A pesar de la significación estadística obtenida, Lessa sugirió que los resultados podrían haber sido “inflados” por los resultados significativos obtenidos por el grupo “esotérico”, en especial, las puntuaciones de los espíritas (p= 0,000007) y de los practicantes de Hatha Yoga (p= 0,0004).

 Una serie de estudios con médiums de Umbanda fue conducida por Patrick Geisler (1985a, 1985b, 1985c, 1986).

En un trabajo inicial de observación etnográfica, Geisler percibió que los médiums tenían buenos resultados cuando se trataba de proporcionar instrucciones a los consultantes sobre los medios de encontrar objetos perdidos.

Entonces desarrolló tres estudios piloto en que los médiums se mostraban exitosos indicando pistas adecuadas.

Sugirió la hipótesis de que, al  diferencia de lo que se suele imaginar, los médiums no estaban utilizando su propia habilidad psi para encontrar los objetos, sino ayudaban a los consultores en el uso de esas facultades (Geisler, 1985b).

Geisler también realizó una investigación sobre el fenómeno de la psicoquinesis en médiums de religiones afro-brasileras (como la Umbanda y el Candomblé) y un grupo control de no médiums.

En ese estudio, Giesler adaptó los estudios experimentales de la parapsicología para el contexto de sesiones mediúmnicas.

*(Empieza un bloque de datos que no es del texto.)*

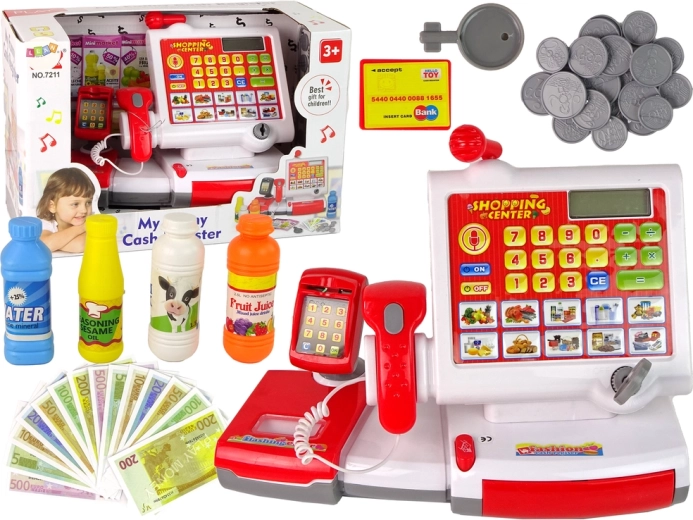 Cu casa de marcat, copiii pot asuma diferite roluri și își pot îmbunătăți comunicarea și negocierea. Include un calculator, cititor de coduri și multe alte accesorii.

 Se utilizó un generador de números aleatorios semejante al empleado por Lessa, Giesler adaptó las lámparas de forma que en ellas colocó estatuas de las entidades espirituales de los participantes, quienes deberían intentar influenciar el equipo de manera de afirmar cuál lámpara se encendería segundos después.

 La media general de los ensayos fue significativa para la hipótesis de psicoquinesis (z= 2.67, p= 0.008, a dos colas), y los médiums parecían haber puntuado mejor cuando había una estatua que cuando sólo veían la lámpara.

No obstante, en una última serie de experimentos sobre percepción extrasensorial con los mismos grupos, Geisler (1986) evaluó el desempeño de los médiums en tareas de visión remota y respuesta rigurosa, siendo que, esta vez, el grupo control parece haber salido mejor, tal vez en función de la falta de motivación o de la baja escolaridad y dificultad de comprensión y ejecución de las tareas por parte de algunos de los médiums estudiados.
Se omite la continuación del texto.